You're like a modern day nostradamus!


----------



## 347sparky (May 14, 2012)

I'm heating with propane, but own my tank. I got the summer fill and contracted 300 extra at 1.70 per gallon. An ounce of prevention....

Maybe in the spring there will be tons of service upgrades coming.


----------



## backstay (Feb 3, 2011)

347sparky said:


> I'm heating with propane, but own my tank. I got the summer fill and contracted 300 extra at 1.70 per gallon. An ounce of prevention....
> 
> Maybe in the spring there will be tons of service upgrades coming.


The contracts here have all been cancelled. The propane companies have an out in them. I'll bet if you read yours, you'll find that is true. I own my tank too, 1000 gal and I fill it in the summer when gas is lowest.


----------



## 347sparky (May 14, 2012)

backstay said:


> The contracts here have all been cancelled. The propane companies have an out in them. I'll bet if you read yours, you'll find that is true. I own my tank too, 1000 gal and I fill it in the summer when gas is lowest.


You got me wondering so I found my paperwork on it. They cannot cancel without approval of both parties, but may not be held liable for failure of vendors or suppliers to perform obligations to the Co-op.

I still have 400 gallons left in mine, so hopefully the shortage gets rectified before I need more. Looks like I contracted at $1.49, not $1.70.


----------



## backstay (Feb 3, 2011)

347sparky said:


> You got me wondering so I found my paperwork on it. They cannot cancel without approval of both parties, but may not be held liable for failure of vendors or suppliers to perform obligations to the Co-op.
> 
> I still have 400 gallons left in mine, so hopefully the shortage gets rectified before I need more. Looks like I contracted at $1.49, not $1.70.


I know an insider and he said they all have an out. Most people aren't going to go to court anyway. My brother in law has a contract and they told him they don't have any gas to bring him. Now the politicians here are getting involved. That will really screw it up.


----------



## 347sparky (May 14, 2012)

backstay said:


> I know an insider and he said they all have an out. Most people aren't going to go to court anyway. My brother in law has a contract and they told him they don't have any gas to bring him. Now the politicians here are getting involved. That will really screw it up.

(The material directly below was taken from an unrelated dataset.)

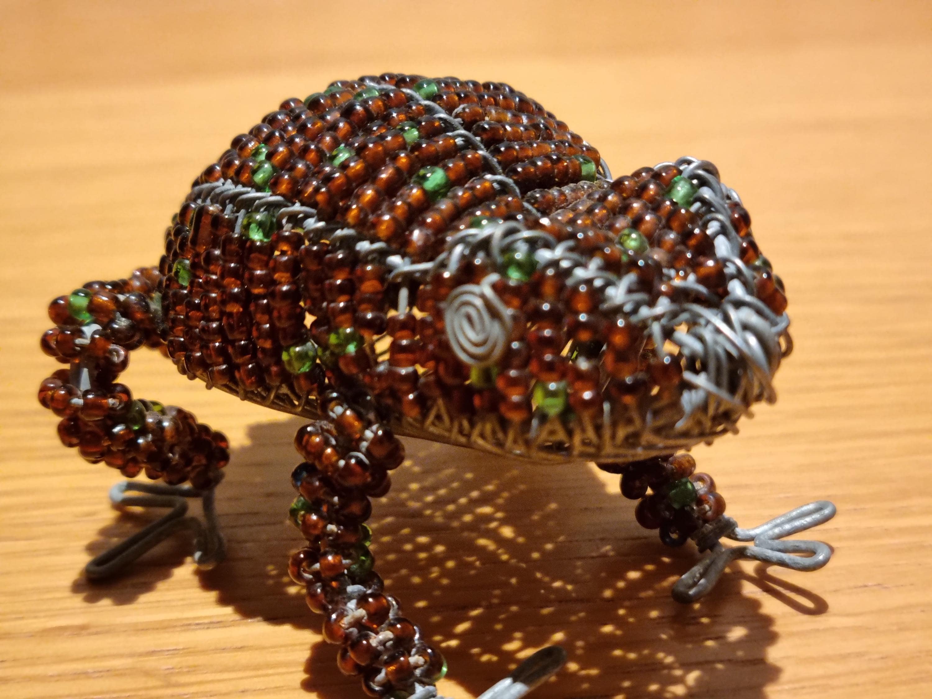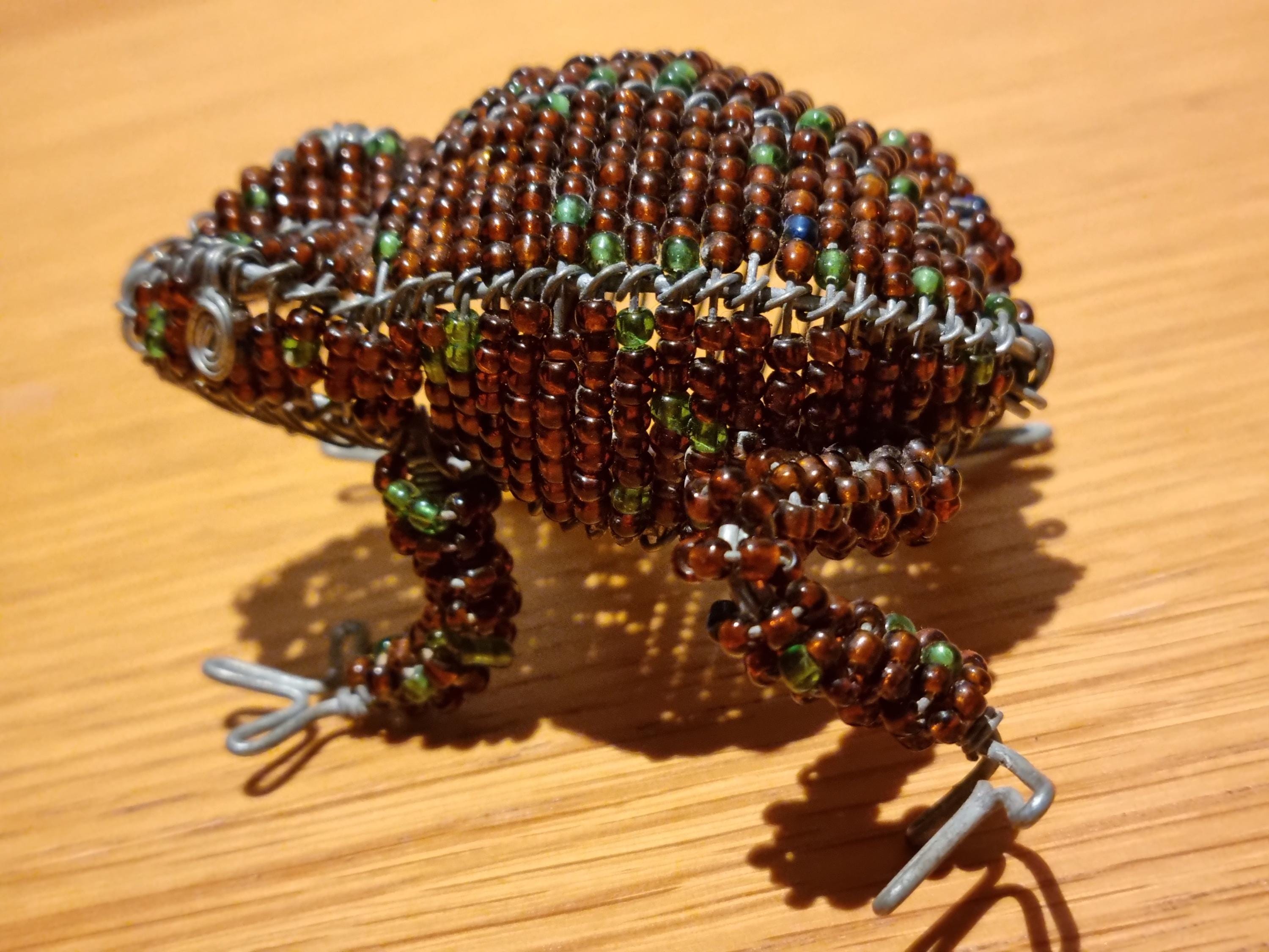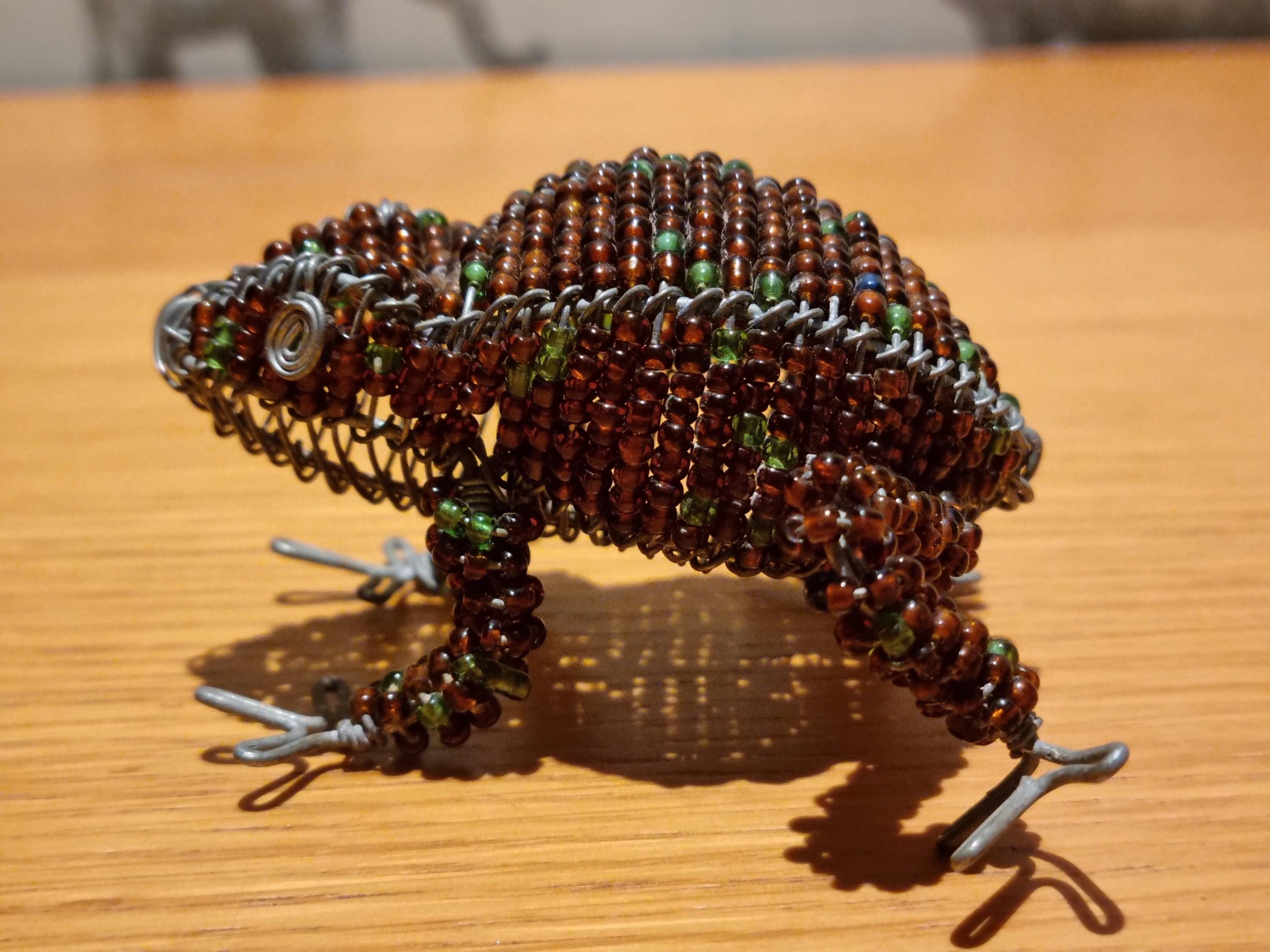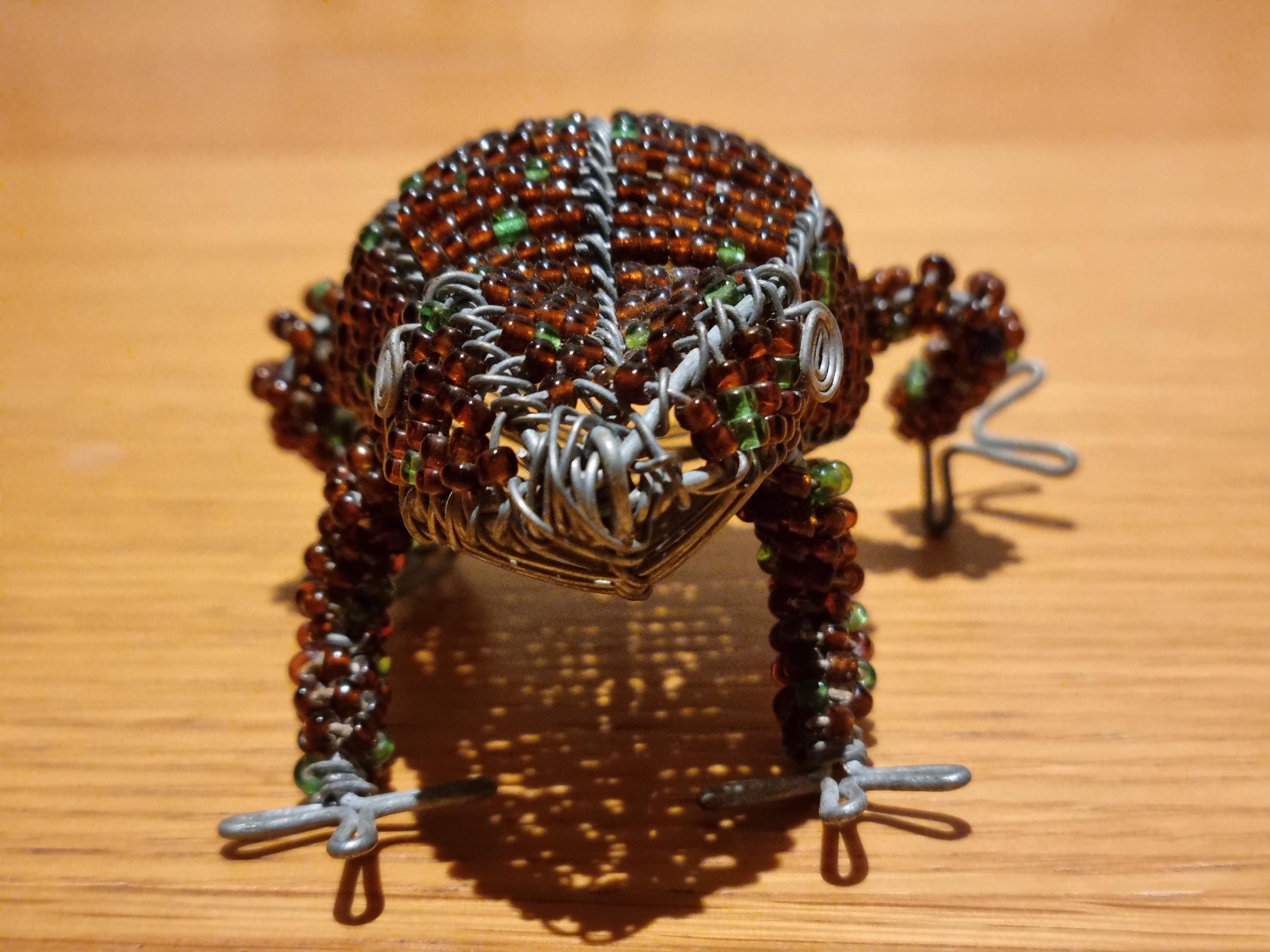 Lovingly handwoven by skilled artisans, this frog is formed from strong galvanized wire and adorned with hundreds of rich brown and green glass beads to create a lifelike amphibian that’s full of character and texture. Its realistic squat posture and spiral eyes capture the quirky essence of a frog, making it an ideal piece for nature lovers, frog collectors, or those seeking a unique conversation starter.

If the weather warms up I should be ok anyway. We do work at the co-op, I know where all the breakers are!


----------



## dspiffy (Nov 25, 2013)

I use space heaters in my shop, and occasionally in my home. Being able to spot-heat with electric is far cheaper than electric baseboard or propane. Where I have gas, I use gas.


----------



## 99cents (Aug 20, 2012)

dspiffy said:


> I use space heaters in my shop, and occasionally in my home. *Being able to spot-heat with electric is far cheaper than electric baseboard* or propane. Where I have gas, I use gas.


Built-in stats.


----------



## nrp3 (Jan 24, 2009)

Bought another couple tons of pellets. Propane is pricey. Thankfully we are almost done with January.


----------



## chicken steve (Mar 22, 2011)

Backstay,
need to calculate the dif to see what our areas are doing....


~CS~


----------



## Southeast Power (Jan 18, 2009)

It's 70 degrees here this morning and we had a little rain over night.
I'm glad I have inside work planned today. I wouldn't want to be out in that mess.
The orchids I have stuffed in the palm trees outside seem to like it though, most of them are ready to bloom.


----------



## sbrn33 (Mar 15, 2007)

jrannis said:


> It's 70 degrees here this morning and we had a little rain over night.
> I'm glad I have inside work planned today. I wouldn't want to be out in that mess.
> The orchids I have stuffed in the palm trees outside seem to like it though, most of them are ready to bloom.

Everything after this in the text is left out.